Definition of Explanatory Variables

The level of education as well, influences the decision to retire at a certain age. As it is the case in government sector employment, income and non-pecuniary benefits are associated with the level of education. Therefore, higher education may increase the opportunity cost of leaving work. Investment in higher level of education implies that the individual intends to work more over his lifetime and retire later than others who chose not to make such an investment. Health also is a determining factor. If the individual anticipates declining health with age, he may compensate for that by saving/working more and retiring early.

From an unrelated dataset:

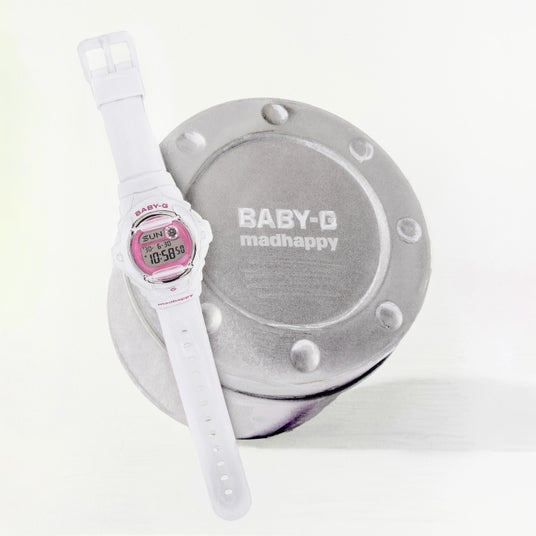 本作は、レトロフューチャーなデザインで知られる「BG-169」をベースにした特別仕様モデル。BABY-Gが誇るタフネスと自己表現の精神を軸に、Madhappyの“楽観主義”という視点で再解釈し、ノスタルジーと前進するエネルギーの融合を表現しています。

Wealth depends on earnings ability, in addition to income of other members in the same household. The influence of wealth on the retirement decision is not clear. For example, increased wealth is expected to improve the possibility of early retirement through increased ability of independence. Nonetheless, wealth may be a proxy for both ability and social status, in which case, it is expected to reduce the probability of early retirement. Number of other working members in the household is added. Another dummy representing the presence of students in the household is also included.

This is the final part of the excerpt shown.